Or this more compact version that searches for all [st_codon … end_codon] sequences where end_codon is the first codon in the terminal codon list after the current st_codon.

My algorithm in the following chunk of sequence takes up to the first TAA(sseq[810:862]) while the generator takes up to the second

julia> sseq[810:866]
"ATGCTCTCCATCACCCGTCAGTCTGTCCCGCGGTGCTTCGAACCACTCCATAATTAA"

I adapted the algorithm (at least for a part of the conditions that I guessed) and the results coincide (in many tests done; several random generations of strings of 10^4 nitrogenous bases )

The ratio between the times is always above 5000X

julia> e = ["TAG", "TAA", "TGA"]
3-element Vector{String}:
 "TAG"
 "TAA"
 "TGA"

julia> b = "ATG"
"ATG"

julia> function startend1(sseq,b,e)
           B=findfirst(b,sseq)
           eos=true
           v=UnitRange[]
           L=length(sseq)
           while eos
               Er=findfirst(i->sseq[i:i+2] ∈ e, last(B)+1:3:L-2)
               if !isnothing(Er)
                   E=Er*3+last(B)
                   push!(v,(:)(first(B),last(E)))
                   B=findnext(b,sseq,last(B)+1)
                   eos=!isnothing(B)
               elseif !isnothing(B)
                   B=findnext(b,sseq,last(B)+1)
                   eos=!isnothing(B)
               else
                   eos=false
               end
           end
           v
       end
startend1 (generic function with 1 method)

julia> seq = randdnaseq(1*10^4);

julia> rc=collect(locationgenerator(seq));

julia> @btime collect(locationgenerator(seq));
  691.770 ms (22726178 allocations: 1.03 GiB)

julia> sseq=string(seq);

julia> @btime startend1(sseq,b,e);
  125.900 μs (3522 allocations: 97.33 KiB)

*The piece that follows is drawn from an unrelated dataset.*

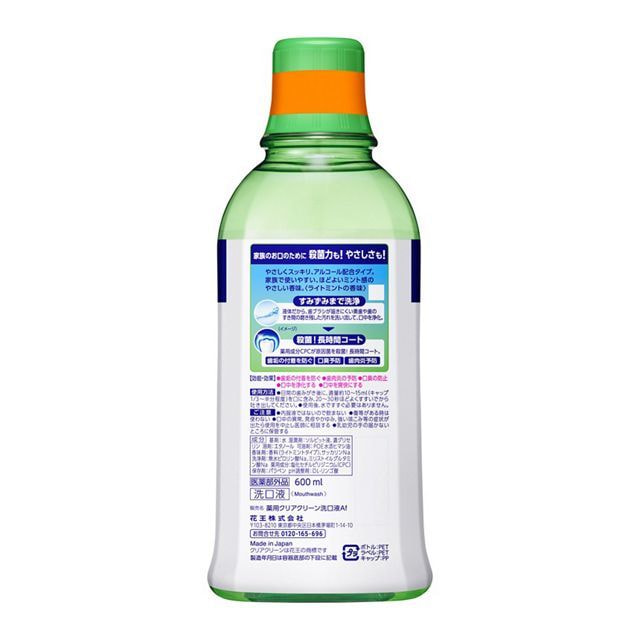 KAO "Clear Clean" Ополаскиватель полости рта длительного действия с покрывающим компонентом, со спиртом, со вкусом легкая мята, 600 мл.

julia> rc == startend1(sseq,b,e)
true

julia> @btime startend1(sseq,b,e);
  131.100 μs (3522 allocations: 97.33 KiB)

julia> @btime startend1(sseq,b,e);
  122.100 μs (3522 allocations: 97.33 KiB)

julia> @btime startend1(sseq,b,e);
  111.000 μs (3522 allocations: 97.33 KiB)

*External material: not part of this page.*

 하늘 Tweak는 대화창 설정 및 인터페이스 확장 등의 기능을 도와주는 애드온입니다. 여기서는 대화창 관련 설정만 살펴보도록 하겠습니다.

Tried to patch together a function using regular expressions to get the same output. It even performed well:

using IterTools
import Base.Iterators as Itr

const sseq=join(rand(('A','G','T','C'), 10^4));  # const by @rafael's suggestion

f(R) = findnext(r"ATG(?:[AGTC][AGTC][AGTC])*?(TAG|TAA|TGA)",sseq,first(R)+3)
itr = Itr.takewhile(!isnothing, Itr.drop(iterated(f, -2:-2),1))
# that's all !!

# r"ATG(?:[AGTC]{3})*?T(AG|AA|GA)" also works
# previous post function:
e = ["TAG", "TAA", "TGA"]
b = "ATG"
function startend1(sseq,b,e)
    B=findfirst(b,sseq)
    eos=true
    v=UnitRange[]
    L=length(sseq)
    while eos
        Er=findfirst(i->sseq[i:i+2] ∈ e, last(B)+1:3:L-2)
        if !isnothing(Er)
            E=Er*3+last(B)
            push!(v,(:)(first(B),last(E)))
            B=findnext(b,sseq,last(B)+1)
            eos=!isnothing(B)
        elseif !isnothing(B)
            B=findnext(b,sseq,last(B)+1)
            eos=!isnothing(B)
        else
            eos=false
        end
    end
    v
end

And now for a bit of benchmarking:

julia> using BenchmarkTools

julia> length([R for R in itr]) == length(startend1(sseq, b, e))
true

julia> @btime [R for R in itr];
  59.781 μs (325 allocations: 11.39 KiB)

julia> @btime startend1(sseq,b,e);
  180.610 μs (4022 allocations: 109.98 KiB)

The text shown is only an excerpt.